Last Updated on 2021-01-02 by Clay
Introduction
Those who are familiar with natural language processing (NLP) must be familiar with Glove and Python package Gensim.
Glove(Global Vectors for Word Representation)is a paper published by Stanford NLP Group, and it is also an open source pre-trained word embedding model.

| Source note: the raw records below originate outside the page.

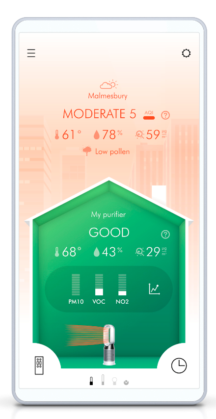 En via de Dyson app kan je ook de luchtvervuiling, temperatuur en luchtvochtigheid binnenshuis en buitenshuis live volgen.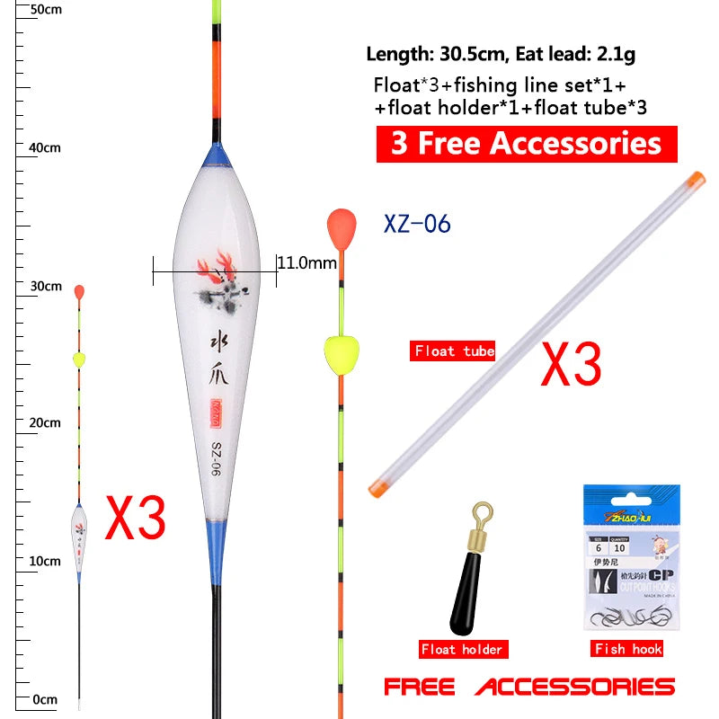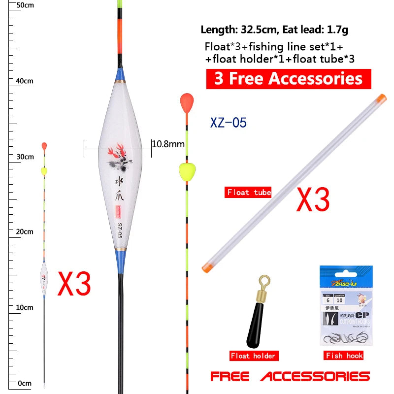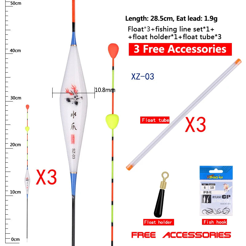 3PCS Floats With Sliding Bead Tail+3 Buoy Tubes+1 Fishing Line set+1 Float Holder Nano Lake River Bobber Fishing Tools Tackle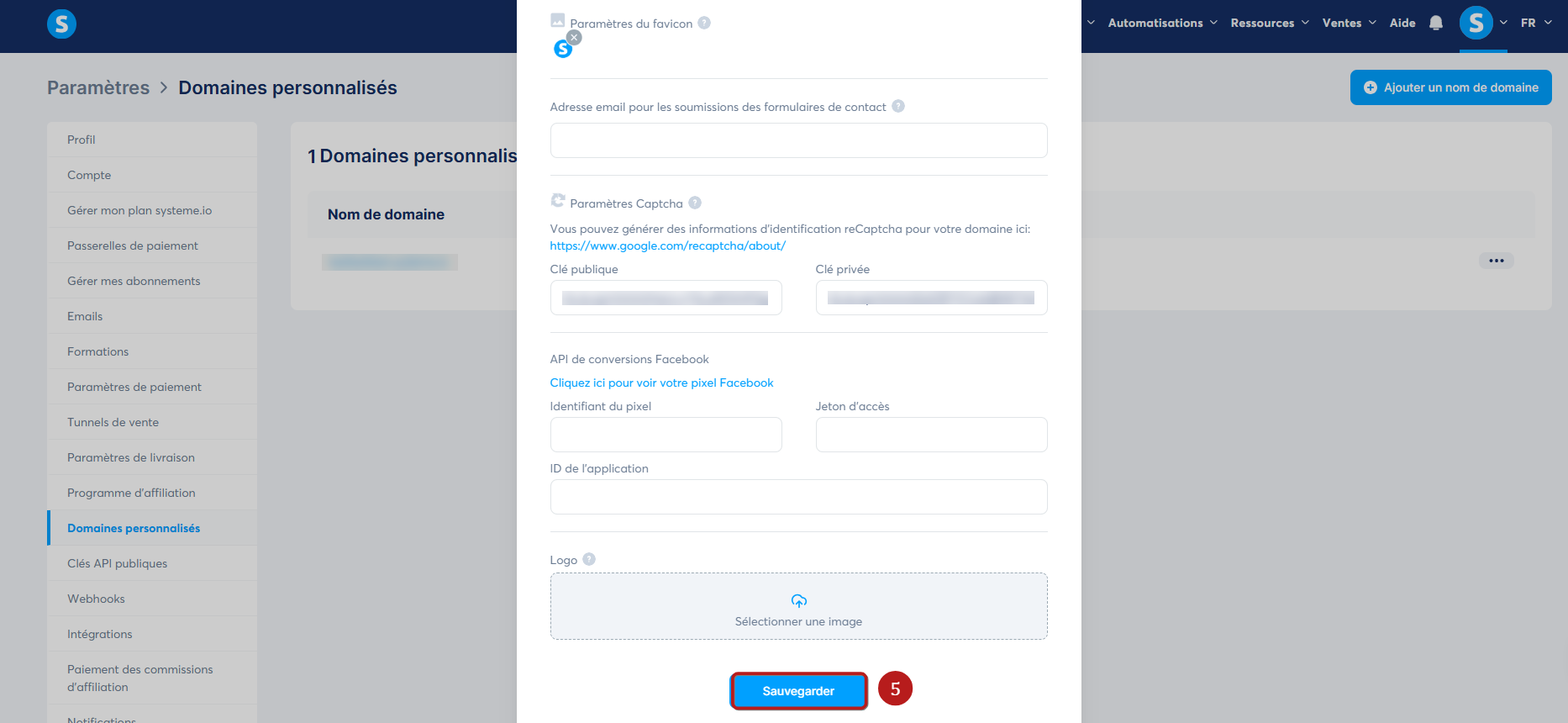 Vous devez ensuite cliquer sur "Sauvegarder" pour enregistrer le favicon (5).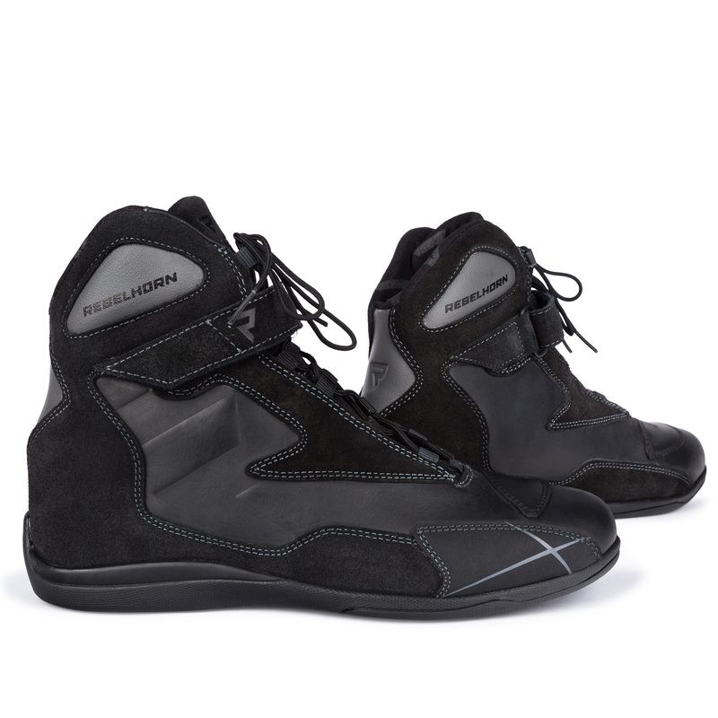 Rebelhorn Spark-это мотоботы на шнуровке со спортивным характером. Они оснащены системой для быстрой шнуровки и снятия обуви. Эластопановый протектор лодыжки обеспечивает комфорт при езде и комфорт при ходьбе и защищает ногу в случае опасности.

The Glove that you often see on the Internet now refers to this open source pre-trained model.
Gensim is a Python implementation of the Word2Vec paper proposed by Google in 2013, allowing us to easily train the word vector model using our own corpus via this package.
We will enter the topic of today's article: how do we use Glove in Python? The Glove downloaded from the official website can not be read by Gensim.
So, we need to use the built-in function of Gensim to perform the conversion. The following is a step-by-step record of how to convert the Glove model into a format that Gensim cna read.
Using Gensim to convert Glove model
First we need to download Glove: https://nlp.stanford.edu/projects/glove/
Or you can use the following command:
wget http://nlp.stanford.edu/data/glove.6B.zip
unzip glove.6B.zip
rm glove.6B.zip
If you finished, you may see several different dimension Glove model.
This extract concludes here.